CUDA OOM on batch size 1 (batch norm)

Question

CUDA OOM on batch size 1 (batch norm)

avinashkaur93 opened this issue 5 years ago · comments

Hi @Duankaiwen
I replicated your code and ran several experiments successfully on the COCO dataset using the following env: PyTorch 1.0.0, CUDA: 10.1.168. gcc=5.4.0

On the same environment, with my own dataset, I get a CUDA OOM (single GPU, batch size = 1). My input image size is the same [511, 511]. The training does run for about ~400 steps before it suddenly shows OOM. There's no steady increase in the GPU memory, so this couldn't be any memory leakage as well.

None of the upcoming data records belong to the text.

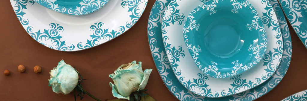 Our exquisite service set introduces a pop of color to your tabletop.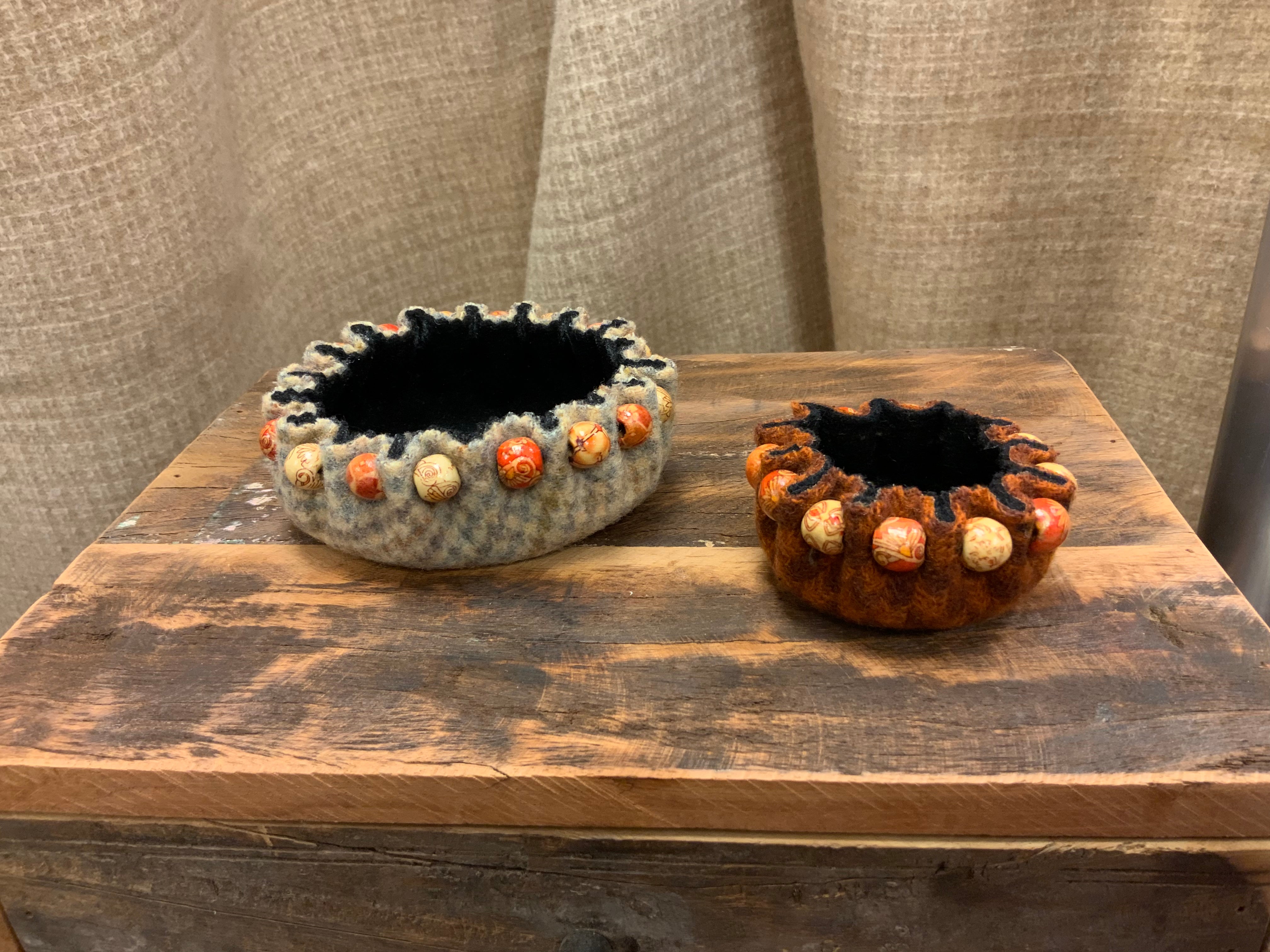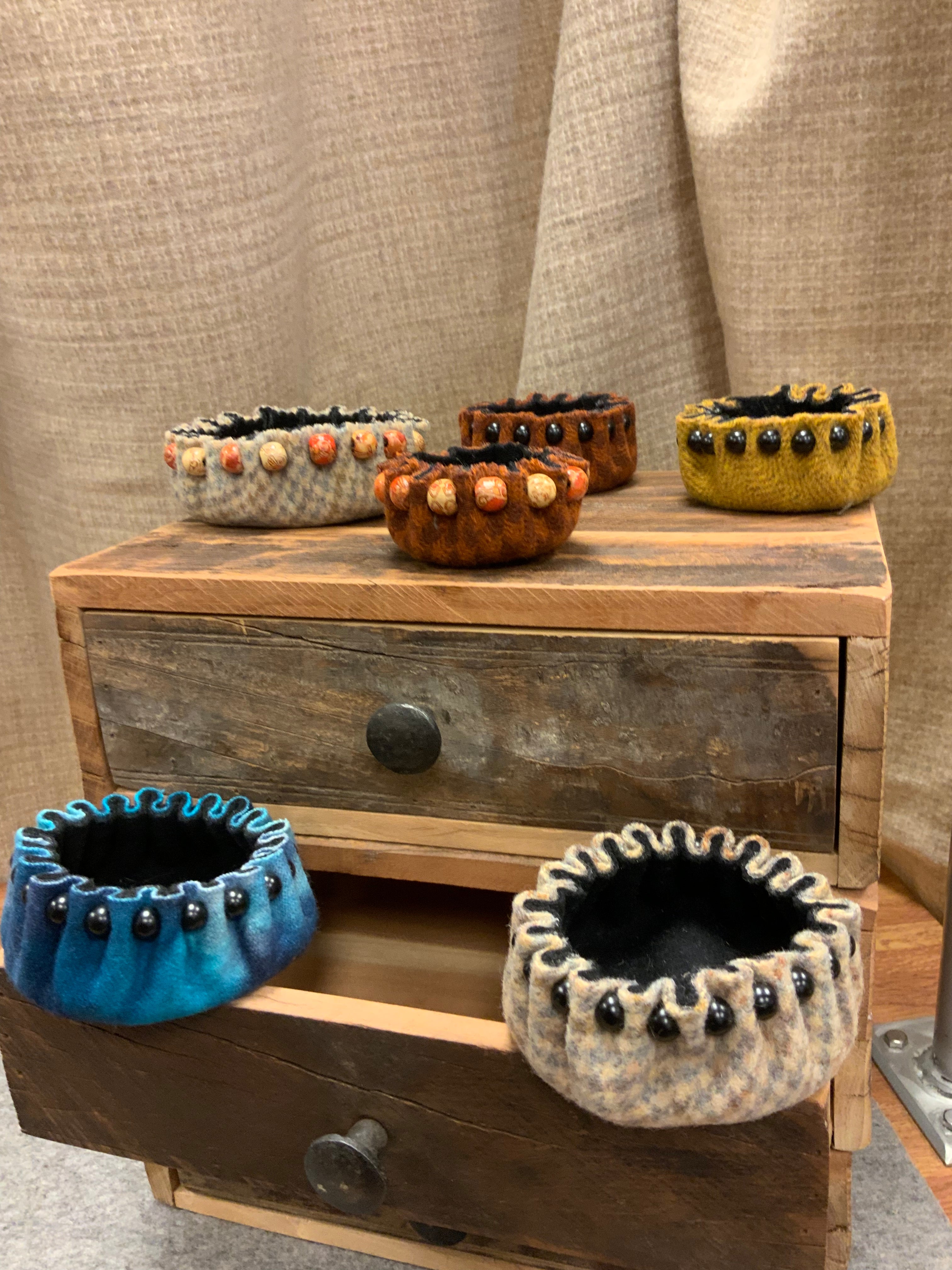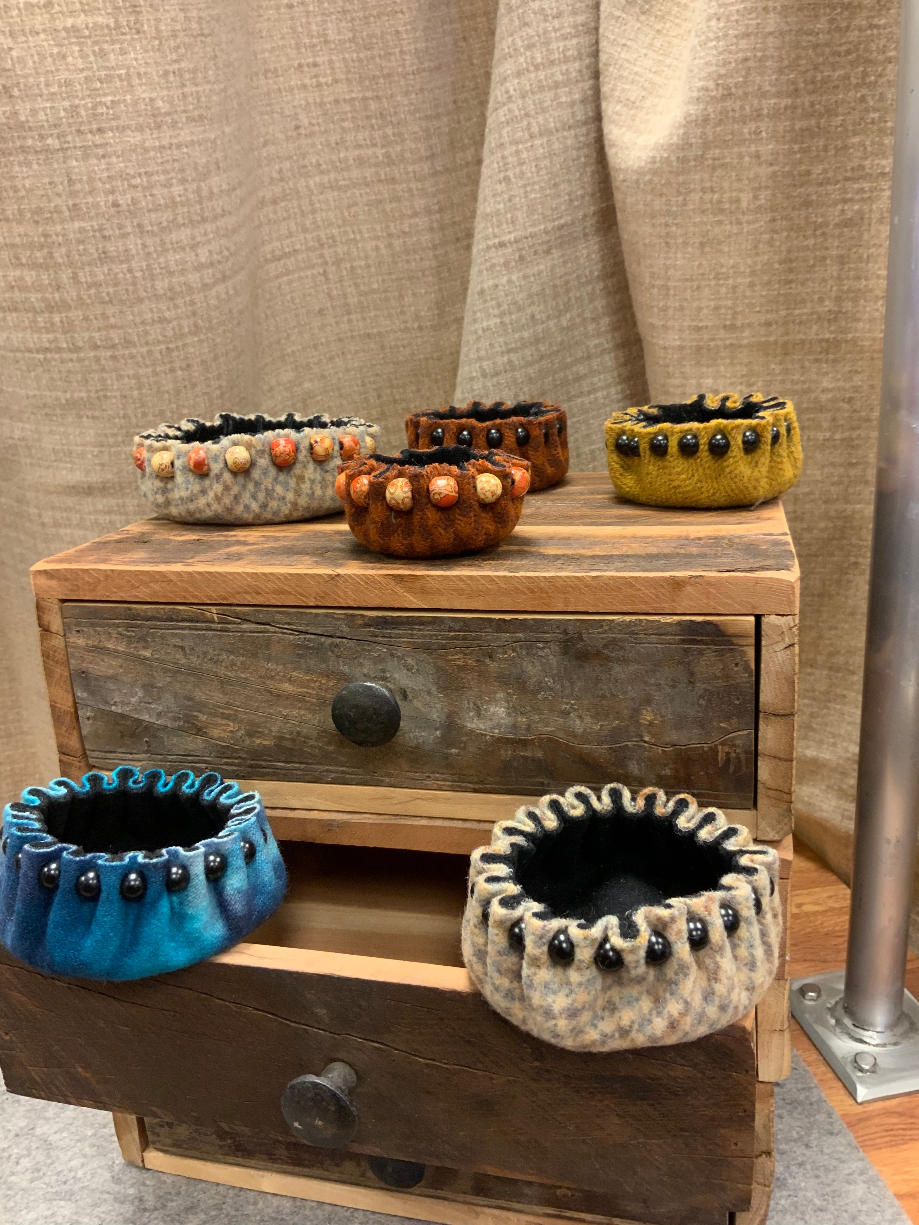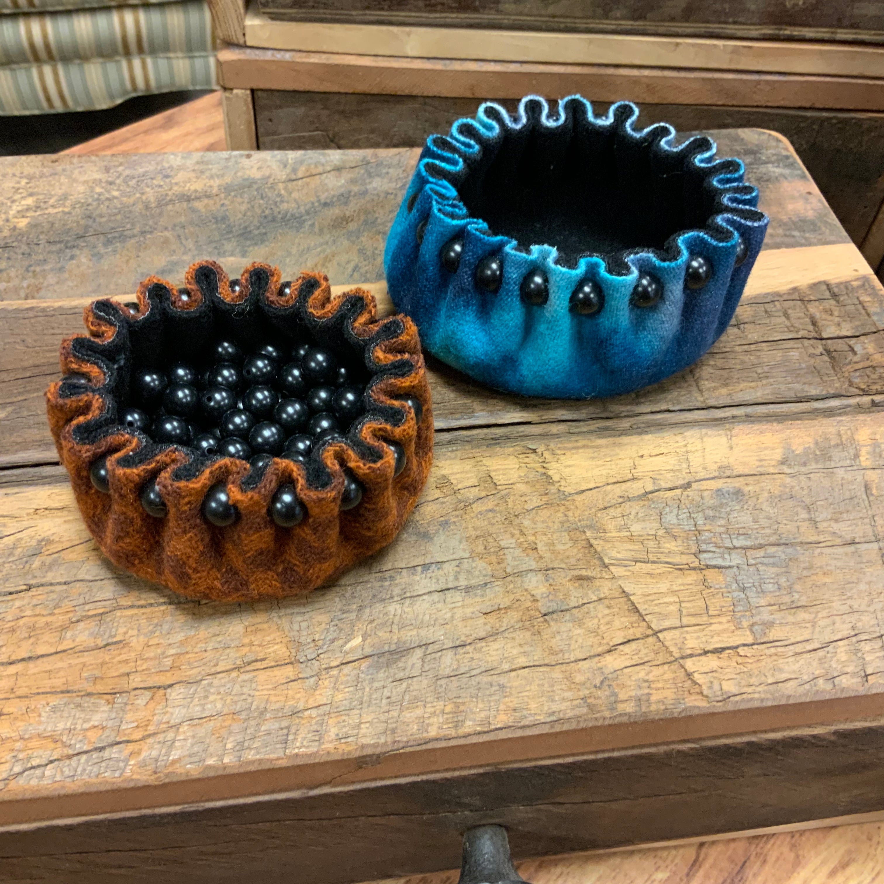 This cool little pot set is easy to whip up in an afternoon. I made mine for wool snippets and thread ends as I'm working, but now i have one at home to put my rings in and one of our knitters is making one for her row markers! What will you put in yours? The finished small pot measures 3.5X1.5 and the large pot measures 4 X2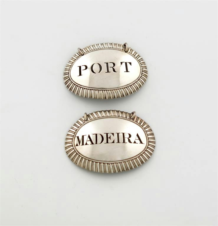 oval form, gadroon border, incised 'PORT' and 'MADEIRA', length 5.5cm, approx. weight 1.5oz. (2)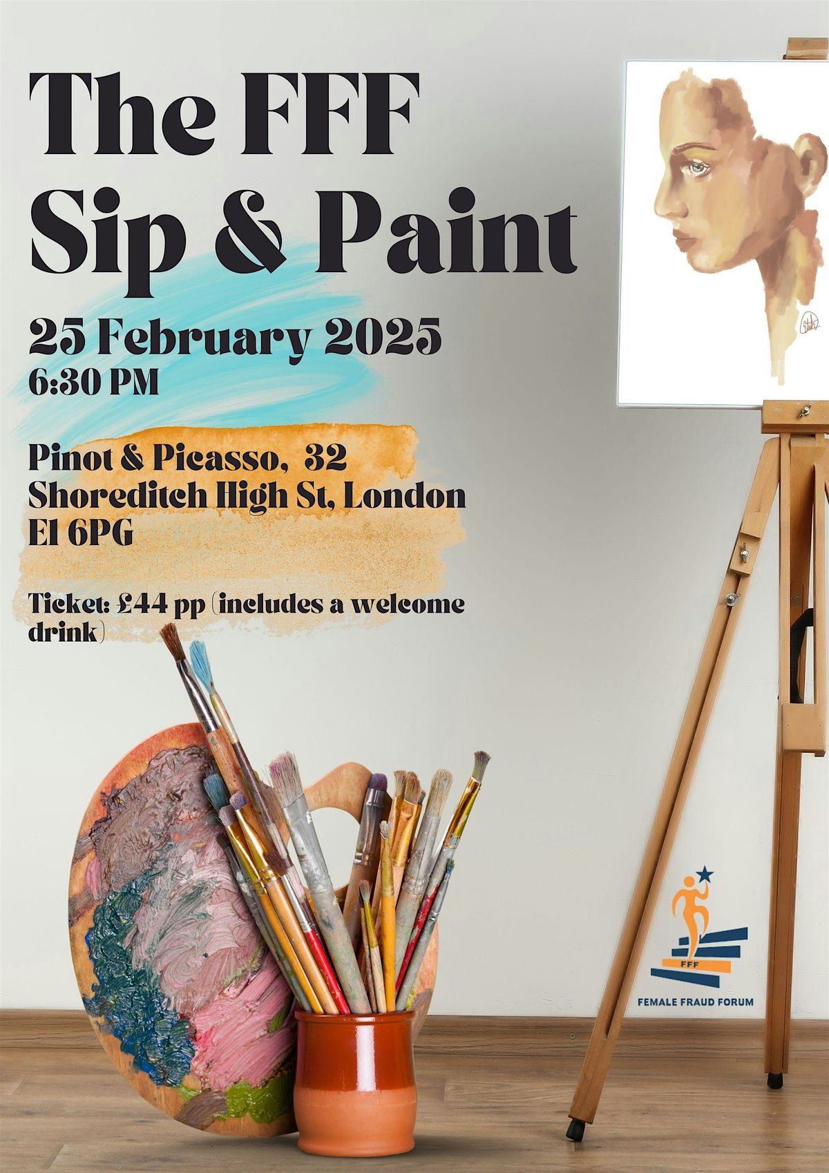 Attendees are asked to arrive at the venue at 6.30pm. There will be welcome drinks for everyone (including non-alcoholic options), before a fun and informal painting class.

Here's the complete log trace and config:
log.txt

Last few lines of the log:

File "/mnt/dfs/avinashk/CenterNet/CenterNet-owndata-tensorboard/CenterNet/models/py_utils/utils.py", line 15, in forward
bn = self.bn(conv)
File "/home/avinashk/miniconda3/envs/CenterNet-PT10-TF/lib/python3.6/site-packages/torch/nn/modules/module.py", line 489, in call
result = self.forward(*input, **kwargs)
File "/home/avinashk/miniconda3/envs/CenterNet-PT10-TF/lib/python3.6/site-packages/torch/nn/modules/batchnorm.py", line 76, in forward
exponential_average_factor, self.eps)
File "/home/avinashk/miniconda3/envs/CenterNet-PT10-TF/lib/python3.6/site-packages/torch/nn/functional.py", line 1623, in batch_norm
training, momentum, eps, torch.backends.cudnn.enabled
RuntimeError: CUDA out of memory. Tried to allocate 3.71 GiB (GPU 0; 10.92 GiB total capacity; 7.31 GiB already allocated; 2.67 GiB free; 25.91 MiB cached)

Mainly it is the error in batch norm that confuses me. I'm a Tensorflow user and fairly new to PyTorch. Any help would be appreciated.